Next day she did not know what to do with herself. She tried to read and could not. She tried to sew and could not. She ran up and down stairs on trifling errands in order to pass the time. In vain she tried to calm herself. "What are you getting so excited about? What do you think is going to happen? What can happen? The most that can happen is that he will come round with his father in the evening, andyou know well enough by now what that will mean. Your mother will talk and his father will say, 'Yes, Mrs Curtis,' and 'Really, Mrs Curtis,' and you and Roland will hardly exchange a word with one another. You are absurdly excited over nothing."

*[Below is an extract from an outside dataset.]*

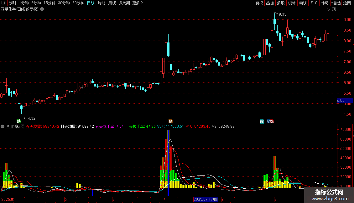 五天均量:MA(VOL,5),COLORRED,LINETHICK1;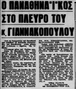 Τη επόμενη μέρα της παραπάνω διαφημιστικής καταχώρησης η «Αθλητική Ηχώ» δημοσίευσε ανακοίνωση της Γραμματείας του ερασιτέχνη Παναθηναϊκού, στην οποία καλούνταν οι Αθηναίοι ψηφοφόροι να στηρίξουν υποψήφιους προερχόμενοι από τον Παναθηναϊκό στις εκλογές της επόμενης μέρας.

But logic was of no avail, and all the afternoon she fidgeted with impatience. By tea-time she was in a state of repressed hysteria. She sat in the window-seat looking down the road in the direction from which he would have to come. "I wonder if he will come without his father. It would be so dear of him if he would, but I don't suppose he will. No, of course he won't. It's silly of me to think of it. He'll have to wait for his father; he always does. That means he won't be here at the earliest till after six. And it's only ten minutes to five now."

And to make things worse, seldom had she found her mother more annoying.

"Now, why don't you go for a walk, April, dear?" she said. "It's such a lovely evening and you've been indoors nearly all day. It isn't good, and I was saying to your father only the other day, 'Father, dear, I'm sure April isn't up to the mark. She looks so pale nowadays.'"

"I'm all right, mother."

"No, but are you, dear? You're looking really pale. I'm sure I ought to ask Dr Dunkin to come and see you."

"But I'm all right—really, I'm all right, mother. I know when anything is wrong with me."

"But you don't, April, dear. That's just the point. Don't you remember that time when you insisted on going to the tennis party and assured us that you were quite well, and when you came back we found you had a temperature of 101° and that you were sickening for measles? I was saying to Dr Dunkin only this morning: 'Dr Dunkin, I'm really not satisfied about our little April. I think I shall have to ask you to give her a tonic'; and he said to me: 'Yes, that's right, Mrs Curtis; you bring me along to her and I'll set her straight.'"

April put her hands up to her head and tried not to listen, but her mother's voice flowed on:

"And now, dear, do go out for a walk—just a little one."

"But, mother, dear, I don't want to, really, and I'm feeling so tired."

"There, what did I say? You're feeling tired and you've done nothing all day. There must be something wrong with you. I shall certainly ask Dr Dunkin to come and see you to-morrow."

"Oh, yes, yes, yes, mother. I'll do anything you like to-morrow. If you'll only leave me alone to-night."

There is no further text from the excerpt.